[Saved entries]
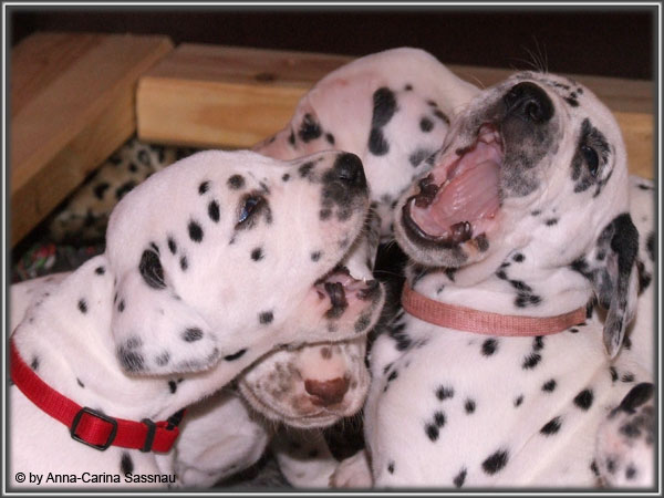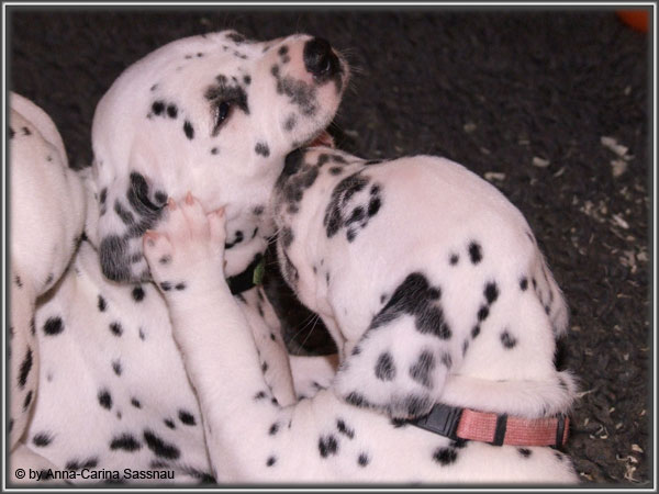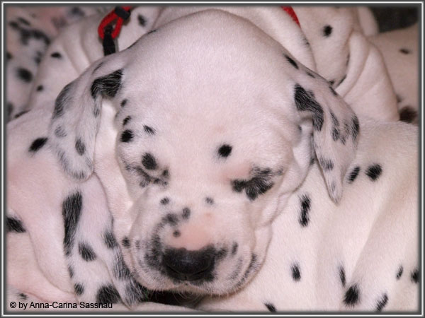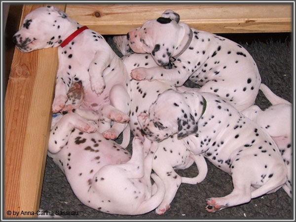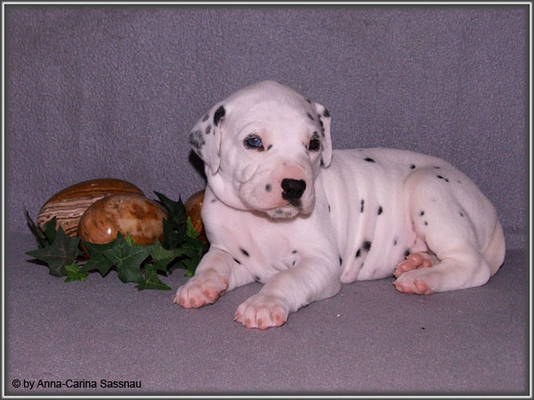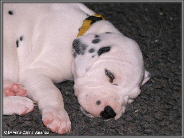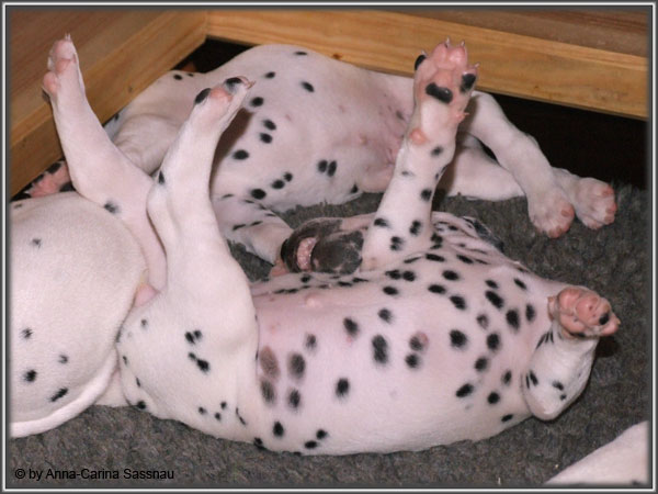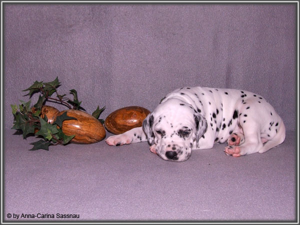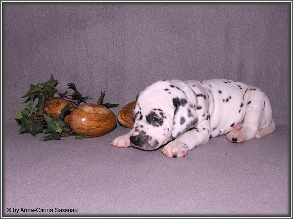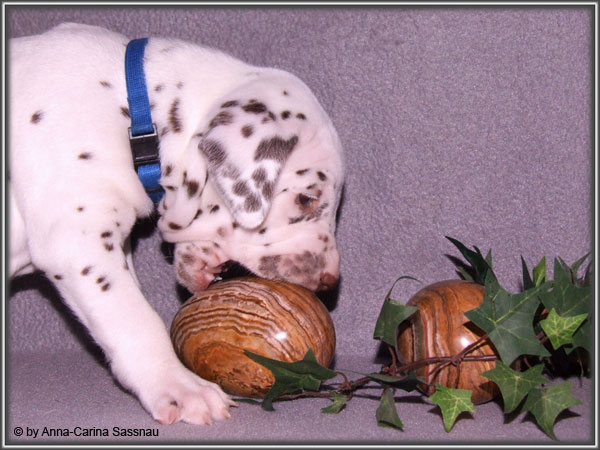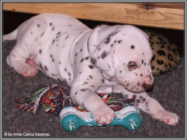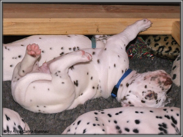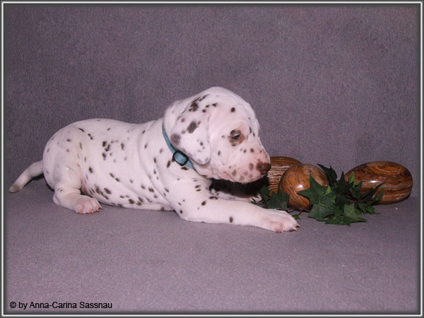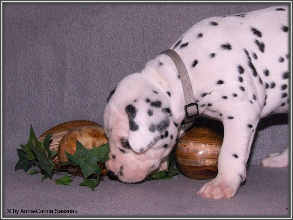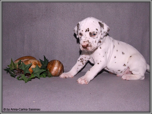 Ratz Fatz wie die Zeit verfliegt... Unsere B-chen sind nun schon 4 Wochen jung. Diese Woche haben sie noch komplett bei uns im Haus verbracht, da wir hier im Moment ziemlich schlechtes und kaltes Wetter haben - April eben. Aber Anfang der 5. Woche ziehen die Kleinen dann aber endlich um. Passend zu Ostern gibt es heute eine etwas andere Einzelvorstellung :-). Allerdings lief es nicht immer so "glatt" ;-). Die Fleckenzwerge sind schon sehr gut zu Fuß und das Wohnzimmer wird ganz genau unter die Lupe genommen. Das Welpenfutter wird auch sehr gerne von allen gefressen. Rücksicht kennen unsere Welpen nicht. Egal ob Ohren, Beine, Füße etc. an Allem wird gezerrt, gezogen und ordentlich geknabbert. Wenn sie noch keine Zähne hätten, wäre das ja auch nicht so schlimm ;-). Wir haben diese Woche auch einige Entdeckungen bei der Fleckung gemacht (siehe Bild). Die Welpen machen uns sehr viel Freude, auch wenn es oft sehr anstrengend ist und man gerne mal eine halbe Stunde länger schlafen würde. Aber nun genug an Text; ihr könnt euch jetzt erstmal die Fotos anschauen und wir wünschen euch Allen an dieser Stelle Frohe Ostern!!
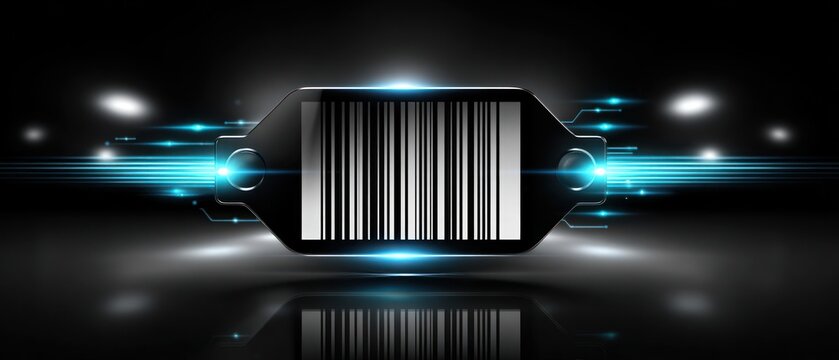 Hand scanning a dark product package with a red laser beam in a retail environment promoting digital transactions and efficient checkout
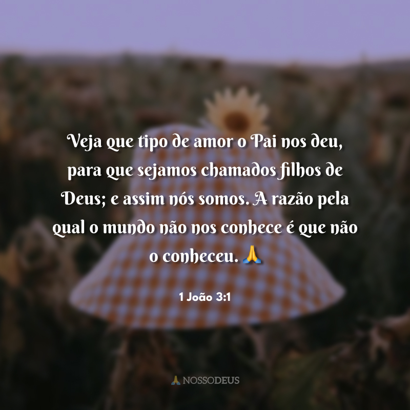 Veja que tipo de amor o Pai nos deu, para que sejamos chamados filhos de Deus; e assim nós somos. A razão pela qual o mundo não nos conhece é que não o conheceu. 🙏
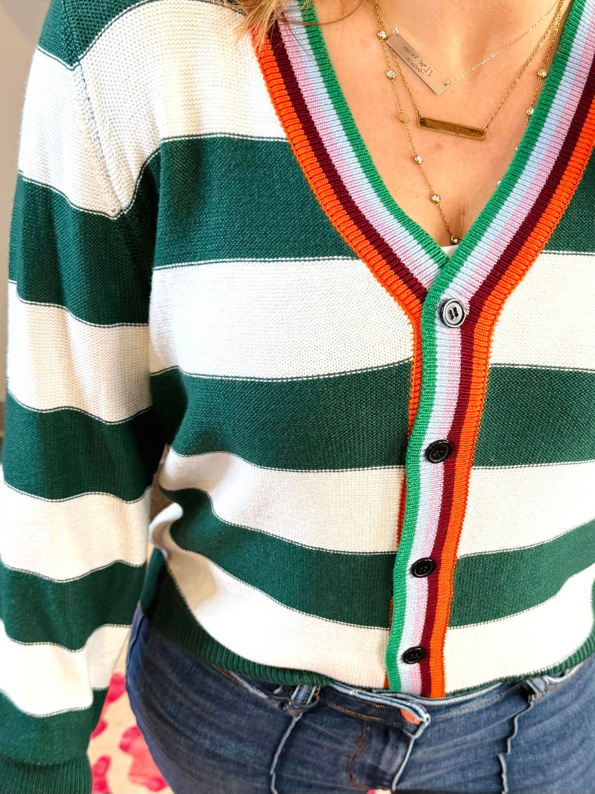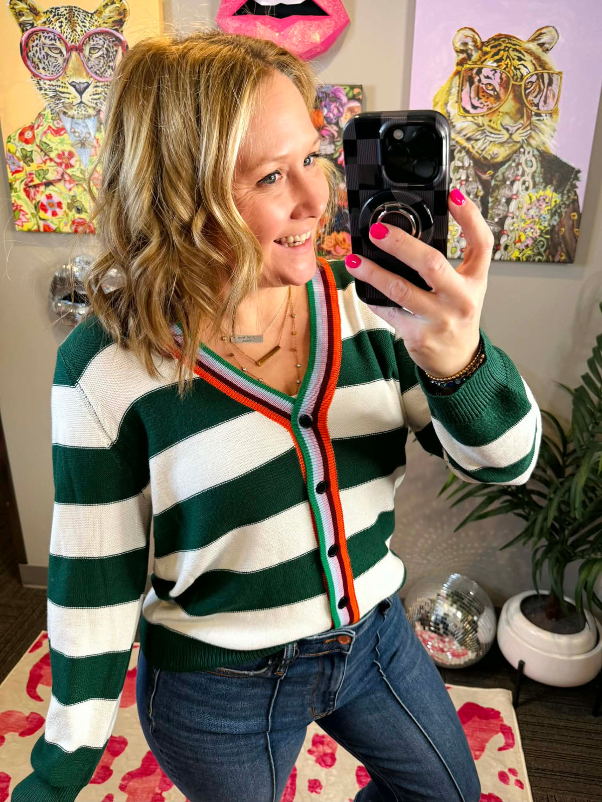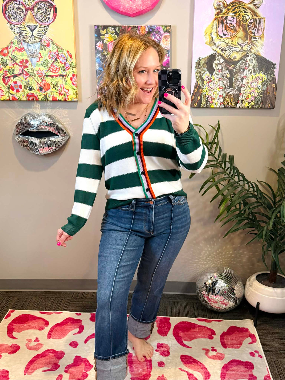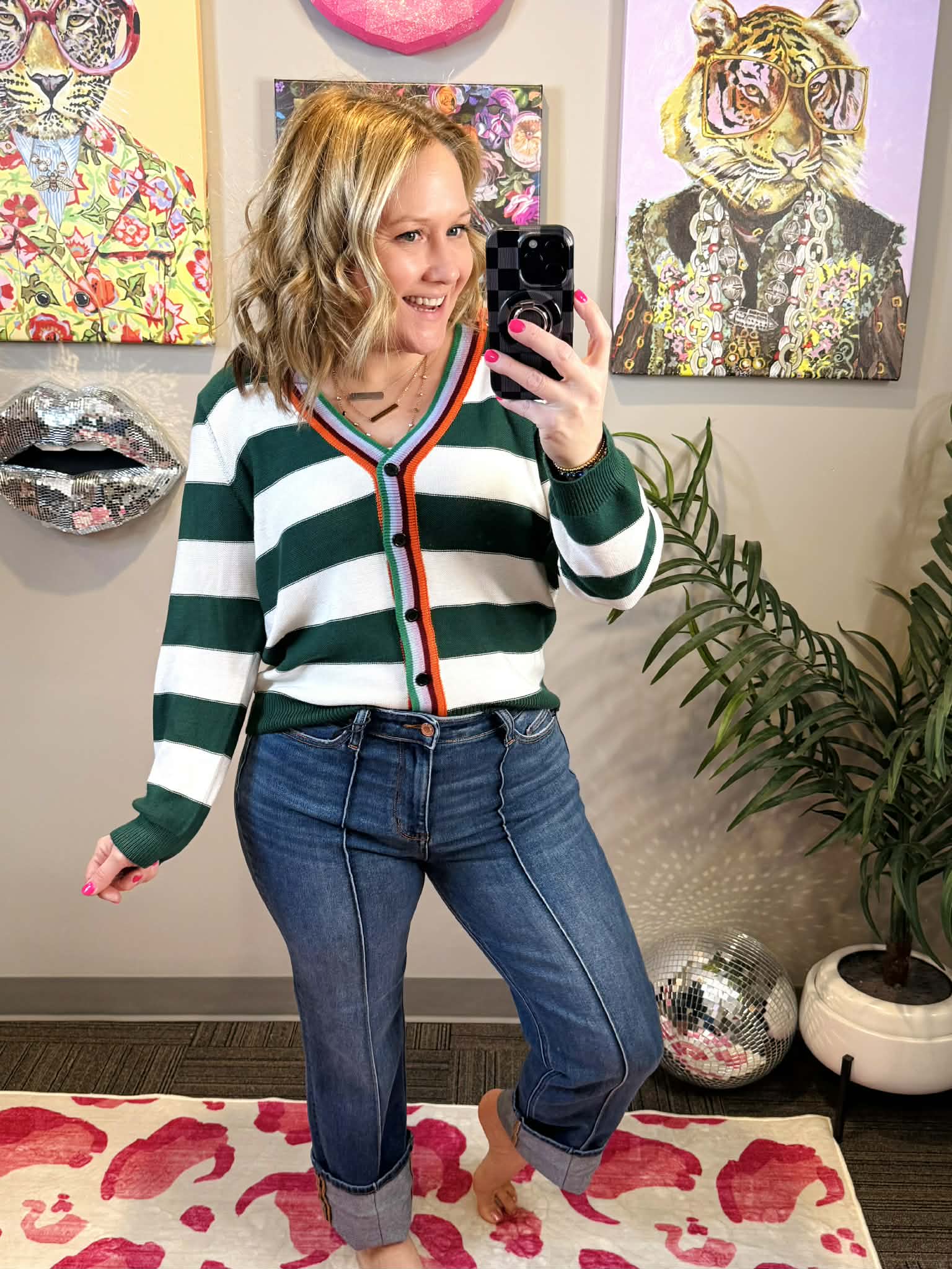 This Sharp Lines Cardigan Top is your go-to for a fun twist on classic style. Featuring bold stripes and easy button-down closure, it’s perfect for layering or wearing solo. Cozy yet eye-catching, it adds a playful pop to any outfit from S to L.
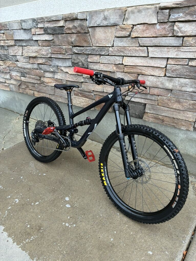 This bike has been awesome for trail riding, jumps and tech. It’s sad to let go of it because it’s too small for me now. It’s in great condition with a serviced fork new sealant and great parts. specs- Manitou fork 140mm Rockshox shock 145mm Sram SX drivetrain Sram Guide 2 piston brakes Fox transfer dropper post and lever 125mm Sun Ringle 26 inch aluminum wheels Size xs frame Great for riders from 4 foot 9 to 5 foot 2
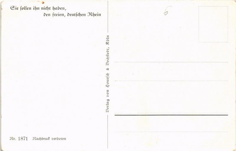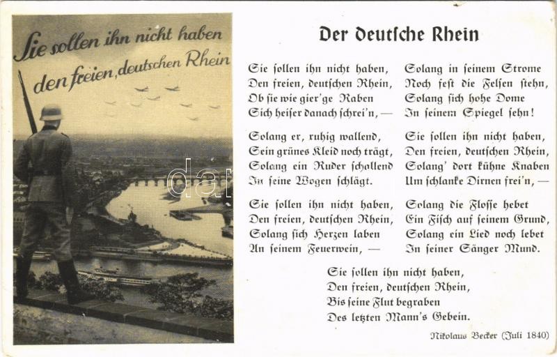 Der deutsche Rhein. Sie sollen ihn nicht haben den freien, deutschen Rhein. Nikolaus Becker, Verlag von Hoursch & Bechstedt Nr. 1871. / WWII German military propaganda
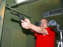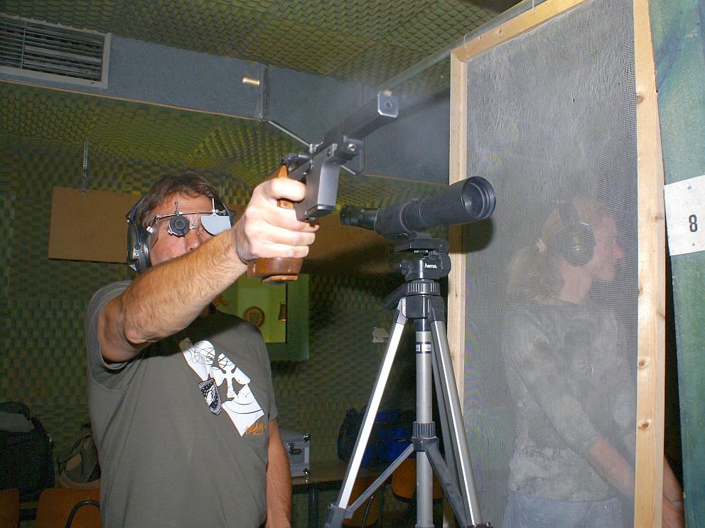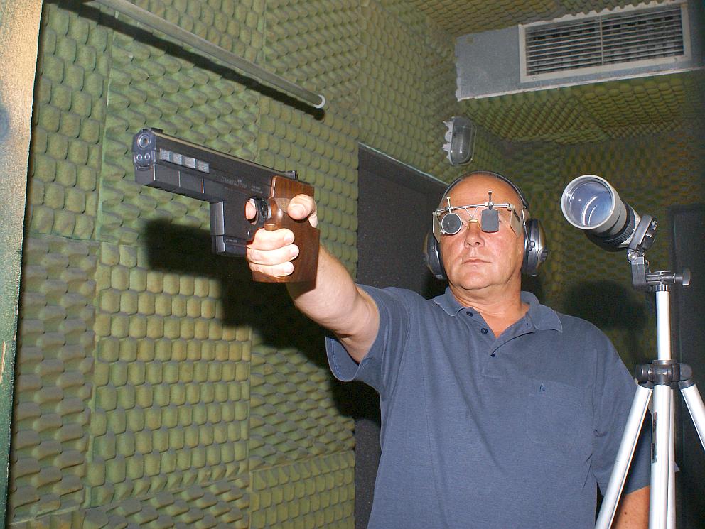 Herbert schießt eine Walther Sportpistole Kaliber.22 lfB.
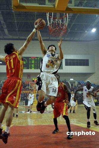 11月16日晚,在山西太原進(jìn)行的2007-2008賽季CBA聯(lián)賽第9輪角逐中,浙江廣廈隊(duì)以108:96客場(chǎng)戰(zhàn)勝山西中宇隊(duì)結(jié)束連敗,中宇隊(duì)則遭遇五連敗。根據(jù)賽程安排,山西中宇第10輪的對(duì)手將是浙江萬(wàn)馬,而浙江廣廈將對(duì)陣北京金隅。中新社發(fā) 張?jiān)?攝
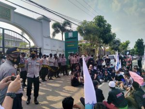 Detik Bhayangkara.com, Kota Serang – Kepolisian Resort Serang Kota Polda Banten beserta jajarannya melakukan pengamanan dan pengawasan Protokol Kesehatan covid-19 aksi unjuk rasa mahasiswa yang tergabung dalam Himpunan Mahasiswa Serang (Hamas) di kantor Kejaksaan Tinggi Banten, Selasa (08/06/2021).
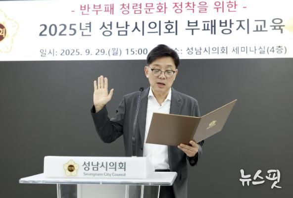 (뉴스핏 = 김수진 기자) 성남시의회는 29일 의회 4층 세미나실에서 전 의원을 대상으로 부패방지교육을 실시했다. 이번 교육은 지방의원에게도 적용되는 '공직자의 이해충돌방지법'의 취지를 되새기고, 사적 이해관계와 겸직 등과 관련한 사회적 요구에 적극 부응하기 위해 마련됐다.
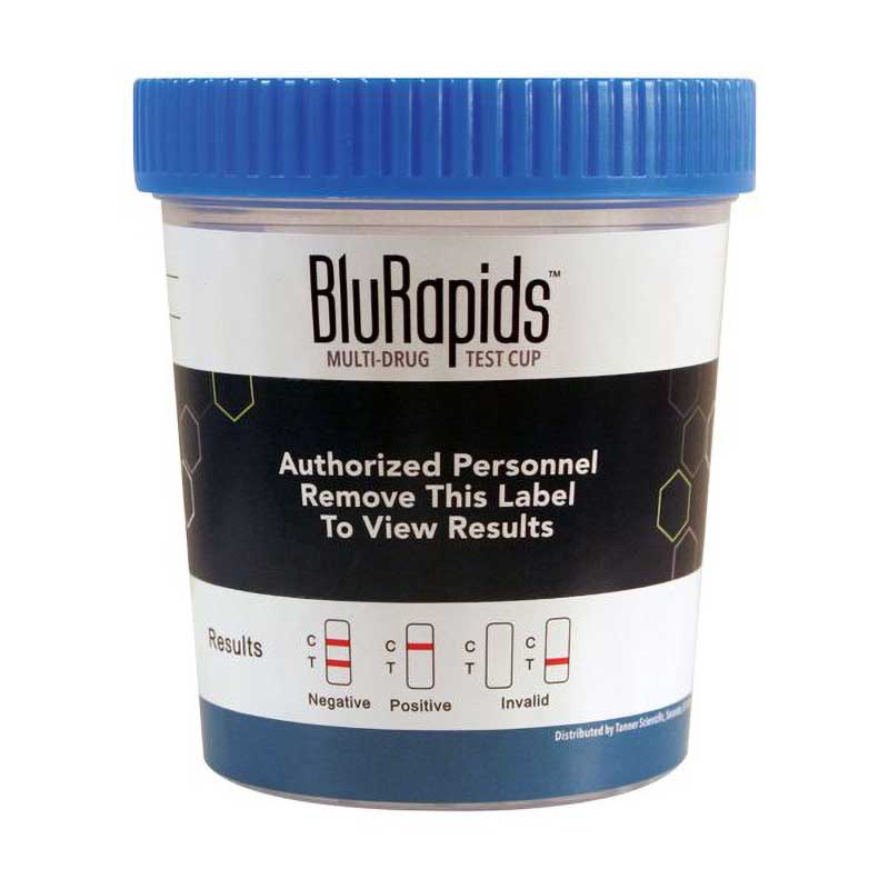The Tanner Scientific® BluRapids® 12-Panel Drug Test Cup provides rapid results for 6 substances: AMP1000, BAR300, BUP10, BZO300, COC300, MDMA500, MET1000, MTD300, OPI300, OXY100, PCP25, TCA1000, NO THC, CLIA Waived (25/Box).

**YOUR OBJECTIVE**
Please copy the data shown above, line by line and exactly, omitting the images.

**RESULT OF THE EXERCISE**
 Ratz Fatz wie die Zeit verfliegt... Unsere B-chen sind nun schon 4 Wochen jung. Diese Woche haben sie noch komplett bei uns im Haus verbracht, da wir hier im Moment ziemlich schlechtes und kaltes Wetter haben - April eben. Aber Anfang der 5. Woche ziehen die Kleinen dann aber endlich um. Passend zu Ostern gibt es heute eine etwas andere Einzelvorstellung :-). Allerdings lief es nicht immer so "glatt" ;-). Die Fleckenzwerge sind schon sehr gut zu Fuß und das Wohnzimmer wird ganz genau unter die Lupe genommen. Das Welpenfutter wird auch sehr gerne von allen gefressen. Rücksicht kennen unsere Welpen nicht. Egal ob Ohren, Beine, Füße etc. an Allem wird gezerrt, gezogen und ordentlich geknabbert. Wenn sie noch keine Zähne hätten, wäre das ja auch nicht so schlimm ;-). Wir haben diese Woche auch einige Entdeckungen bei der Fleckung gemacht (siehe Bild). Die Welpen machen uns sehr viel Freude, auch wenn es oft sehr anstrengend ist und man gerne mal eine halbe Stunde länger schlafen würde. Aber nun genug an Text; ihr könnt euch jetzt erstmal die Fotos anschauen und wir wünschen euch Allen an dieser Stelle Frohe Ostern!!
 Hand scanning a dark product package with a red laser beam in a retail environment promoting digital transactions and efficient checkout
 Veja que tipo de amor o Pai nos deu, para que sejamos chamados filhos de Deus; e assim nós somos. A razão pela qual o mundo não nos conhece é que não o conheceu. 🙏
 This Sharp Lines Cardigan Top is your go-to for a fun twist on classic style. Featuring bold stripes and easy button-down closure, it’s perfect for layering or wearing solo. Cozy yet eye-catching, it adds a playful pop to any outfit from S to L.
 This bike has been awesome for trail riding, jumps and tech. It’s sad to let go of it because it’s too small for me now. It’s in great condition with a serviced fork new sealant and great parts. specs- Manitou fork 140mm Rockshox shock 145mm Sram SX drivetrain Sram Guide 2 piston brakes Fox transfer dropper post and lever 125mm Sun Ringle 26 inch aluminum wheels Size xs frame Great for riders from 4 foot 9 to 5 foot 2
 Der deutsche Rhein. Sie sollen ihn nicht haben den freien, deutschen Rhein. Nikolaus Becker, Verlag von Hoursch & Bechstedt Nr. 1871. / WWII German military propaganda
 Herbert schießt eine Walther Sportpistole Kaliber.22 lfB.
 11月16日晚,在山西太原進(jìn)行的2007-2008賽季CBA聯(lián)賽第9輪角逐中,浙江廣廈隊(duì)以108:96客場(chǎng)戰(zhàn)勝山西中宇隊(duì)結(jié)束連敗,中宇隊(duì)則遭遇五連敗。根據(jù)賽程安排,山西中宇第10輪的對(duì)手將是浙江萬(wàn)馬,而浙江廣廈將對(duì)陣北京金隅。中新社發(fā) 張?jiān)?攝
 Detik Bhayangkara.com, Kota Serang – Kepolisian Resort Serang Kota Polda Banten beserta jajarannya melakukan pengamanan dan pengawasan Protokol Kesehatan covid-19 aksi unjuk rasa mahasiswa yang tergabung dalam Himpunan Mahasiswa Serang (Hamas) di kantor Kejaksaan Tinggi Banten, Selasa (08/06/2021).
 (뉴스핏 = 김수진 기자) 성남시의회는 29일 의회 4층 세미나실에서 전 의원을 대상으로 부패방지교육을 실시했다. 이번 교육은 지방의원에게도 적용되는 '공직자의 이해충돌방지법'의 취지를 되새기고, 사적 이해관계와 겸직 등과 관련한 사회적 요구에 적극 부응하기 위해 마련됐다.
The Tanner Scientific® BluRapids® 12-Panel Drug Test Cup provides rapid results for 6 substances: AMP1000, BAR300, BUP10, BZO300, COC300, MDMA500, MET1000, MTD300, OPI300, OXY100, PCP25, TCA1000, NO THC, CLIA Waived (25/Box).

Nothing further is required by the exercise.